- Born: November 15, 1969 Santa Ana, El Salvador
- Died: December 25, 2015 (aged 46) Los Angeles, California

Academic background
- Alma mater: UCLA (BA, MA) UC Berkeley (PhD)

Academic work
- Discipline: Chicana/o studies
- Sub-discipline: Oral history, LGBT history
- Institutions: University of California, Santa Barbara

= Horacio Roque Ramírez =

Horacio N. Roque Ramírez (November 15, 1969 – December 25, 2015) was a Salvadoran American oral historian, writer and advocate whose work focused on LGBT Latino communities and the Central American experience in the United States. He was a faculty member in the Department of Chicana and Chicano Studies at the University of California, Santa Barbara.

==Early life==
Roque Ramírez was born in Santa Ana, El Salvador. Fleeing the Salvadoran Civil War, he immigrated to Los Angeles at age 12, in 1981. He earned a B.A. in psychology and M.A. in history at UCLA, and a Ph.D. in Ethnic Studies from the University of California, Berkeley. He came out as a gay man in 1992.

==Research==
Roque Ramírez began his oral history work with San Francisco's queer Latina/o community, centered in the Mission District, as a doctoral student at UC Berkeley in the 1990s, working with activists and organizations including Diane Felix and Proyecto ContraSIDA por Vida, and documenting predecessor organizations such as the Gay Latino Alliance.

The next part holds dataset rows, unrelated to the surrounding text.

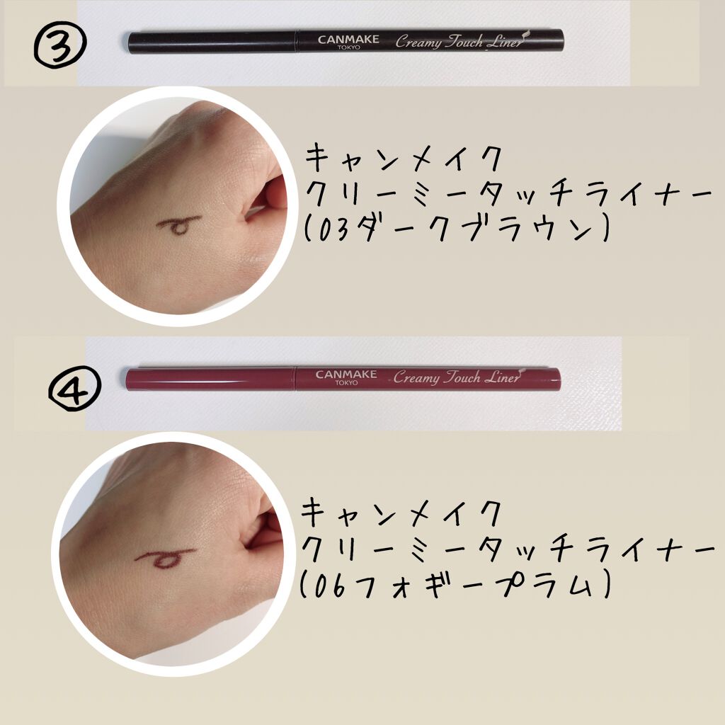 \用途が変わったので再レビュー♡/・キャンメイククリーミータッチライナー06フォギープラム¥715🌹前は普通にアイライナーとして使ってた!!でも私には"涙袋の影用"として使う方が合う🫶🫶アイライナーとして↓↓・落ちやすい(やや水と擦れに弱い)...
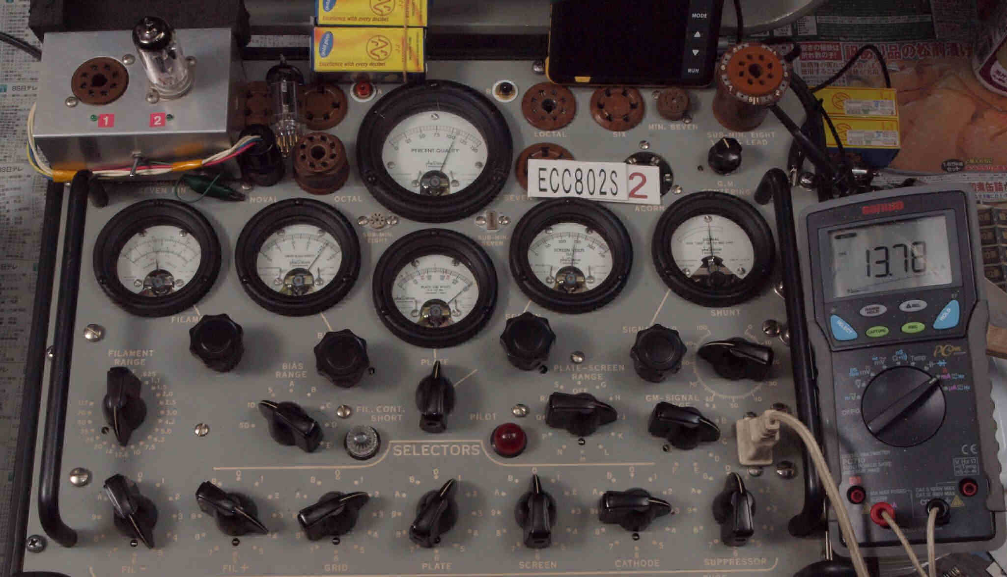 | V41. 提供真空管「ECC802S」2本目ユニット1測定。 Gm=2140μmho、Ip=13.78mA。 測定条件、「Ep=250V、Eg1=−8.5V」、 Cレンジ=3000μmhoレンジでの測定。 |
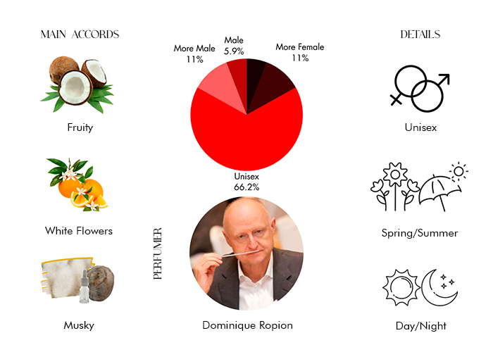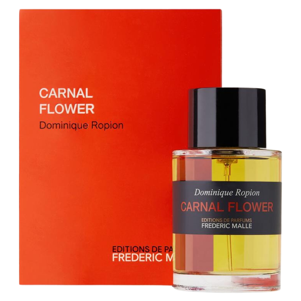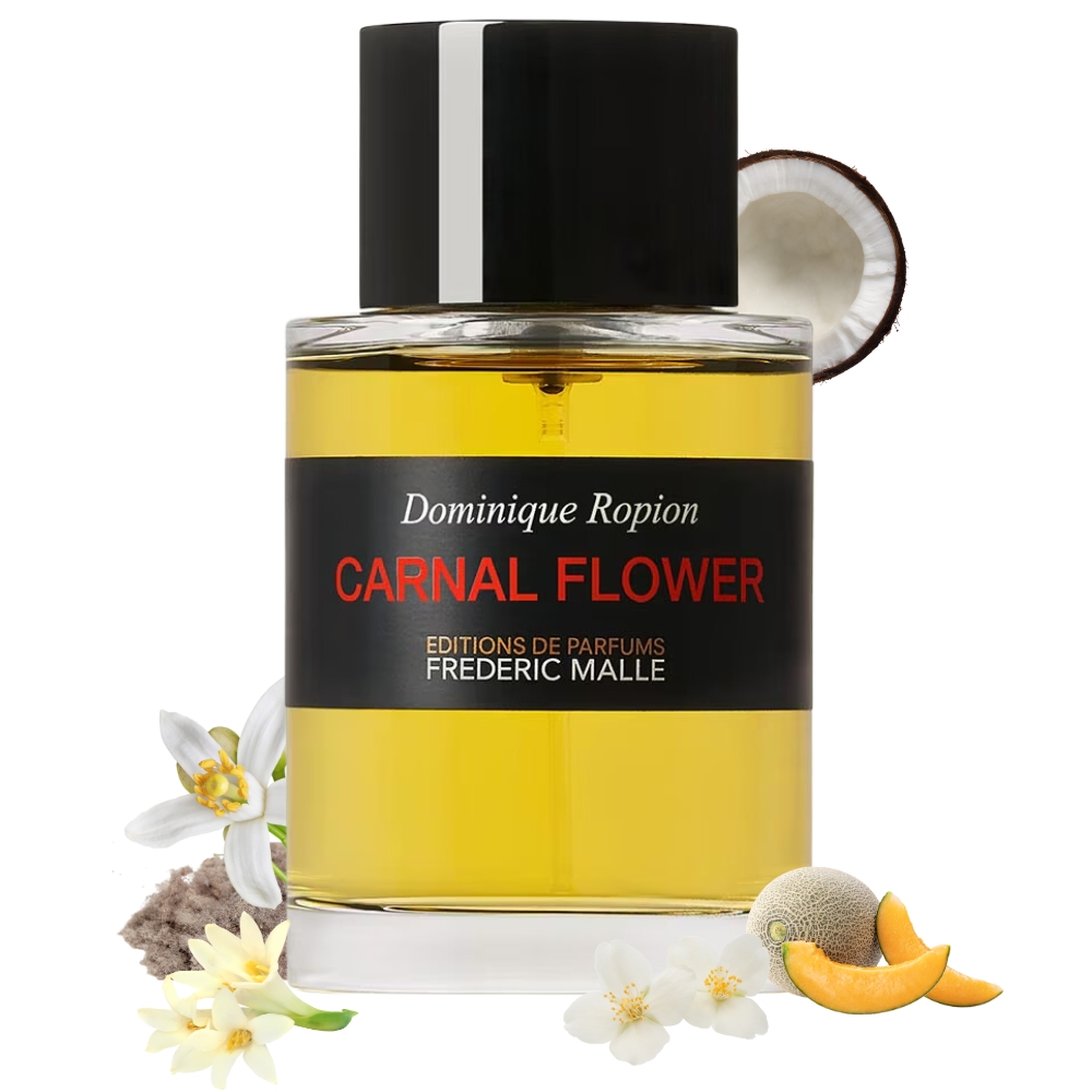 Carnal Flower Perfume by Frederic Malle, Containing a uniquely high concentration of natural tuberose oil, Carnal Flower is an intensive white floral fragrance that layers fresh and lush tropical tones over a sensual sheer musk base. The opening is a bright and green effusion of citrus leaves, delicately fruity-aromatic bergamot and mouthwatering cantaloupe underscored by clean, camphoric nuances of eucalyptus. A sensual, spicy tuberose and jasmine accord dominates that heart notes, softened by banana-toned ylang-ylang. The finish is an intoxicating, comforting blend of coconut and white musk laced with orange blossom and tuberose absolute.
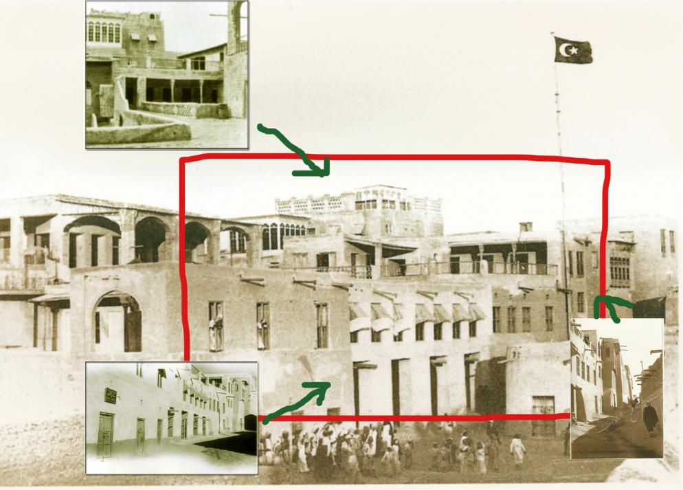يلاحظ في آخر الصورة البنيان ذو الأقواس حيث الجانب الغربي لقصر السيف كما في الصورة التالية

At the time of his death he was working on the book Queer Latino San Francisco: An Oral History, 1960s-1990s. He also served as an expert witness on political asylum and immigration.

==Publications==
- Alamilla Boyd, Nan, and Horacio N. Roque Ramírez. Bodies of Evidence: The Practice of Queer Oral History. New York, NY: Oxford University Press, 2012.